MOBILE TRACKING STATION
The Mobile Tracking Station (DSIF 1) is a movable installation designed for emplacement near the point of injection of a space probe to assist the permanent stations in early acquisition of the spacecraft. This station is necessary because at this point the spacecraft is relatively low in altitude and consequently appears to move very fast across the sky. The Mobile Tracking Station has a fast-tracking antenna for use under these conditions. DSIF 1 was located near the South African station for Mariner II. It has a 10-foot parabolic antenna capable of tracking at a 10-degree-per-second rate. A 25-watt, 890-megacycle transmitter is used for obtaining tracking information. A diplexer permits simultaneous transmission and reception on the same antenna without interference.
The equipment is installed in mobile vans so that the station can be operated in remote areas. The antenna is enclosed in a plastic dome and is mounted on a modified radar pedestal. The radome is inflatable with air and protects the antenna from wind and weather conditions.
These stations of the DSIF tracked Mariner II in flight and sent commands to the spacecraft for the execution of maneuvers.
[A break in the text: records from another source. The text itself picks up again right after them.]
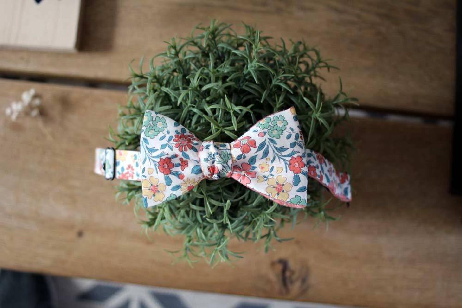 Associez un nœud papillon liberty à une chemise blanche pour un look moderne et décontracté.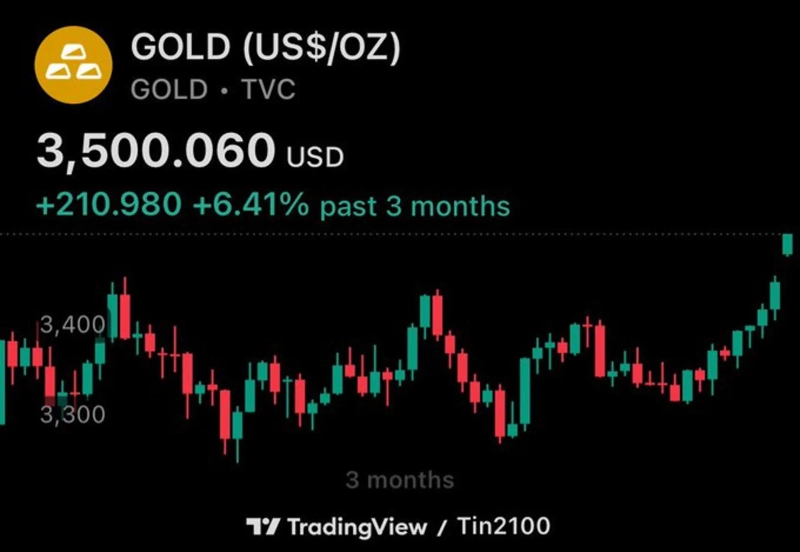2日(韓国時間)トレーディングビューによると、金価格は前日比1.88%上昇したオンス当たり3500ドルを記録している。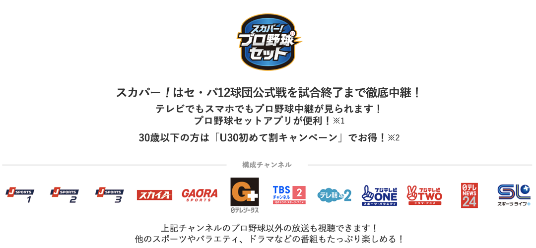※1 配信で視聴できる番組は、スカパー!プロ野球セットアプリまたは スカパー!プロ野球サイトをご確認ください。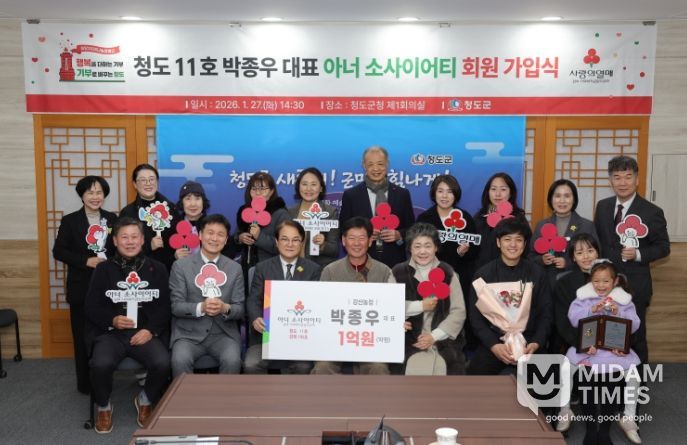 미담타임스 김준완 기자 | 강산농장 박종우 대표는 지난 27일 청도군청에서 아너 소사이어티 회원 가입식을 가졌다.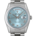 - ロレックスの最上級ラインとして1956年に誕生以来、最高級の素材と質感に拘ったハイクラスシリーズ”デイデイト”。こちらはプラチナモデルにのみ展開されているスペシャルカラーのアイスブルーダイヤルを備えたモデルです。他のゴールド素材とは違いフルーテッドベゼルが存在しないのも特徴です。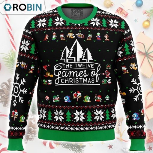 The 12 Games of Christmas Ugly Christmas Sweater is the perfect way to get into the holiday spirit while staying warm and cozy. This sweater features a festive design with all of your favorite holiday games, including Santa's Bingo, Frosty's Snowball Toss, and Rudolph's Reindeer Race. It also includes fun details like jingle bells and a light-up feature, making it a standout choice for any holiday party. With its comfortable fit and playful design, this sweater is sure to be a hit at all of your holiday gatherings.

The telemetry data received from the spacecraft during the 129 days of its mission were recorded and transmitted to JPL, where the information was processed and reduced by the computers of the space flight operations complex.
CHAPTER 7
THIRTEEN MILLION WORDS
The task of receiving, relaying, processing, and interpreting the data coming in simultaneously on a twenty-four-hour basis for several months from the several scientific and many engineering sources of the Mariner spacecraft was of truly monumental proportions.
This activity involved five DSIF tracking stations scattered around the world, a communication network, two computing stations and auxiliary facilities, and some 400 personnel over a four-month period.
Although the Mariner scientific information could be stored and subsequently processed at a later (non-real) time, it was necessary to make tracking and position data available almost as soon as it was received (in real time) so that the midcourse maneuver might be computed and transmitted to the spacecraft, and to further perfect the predicted trajectory and arrival time at Venus.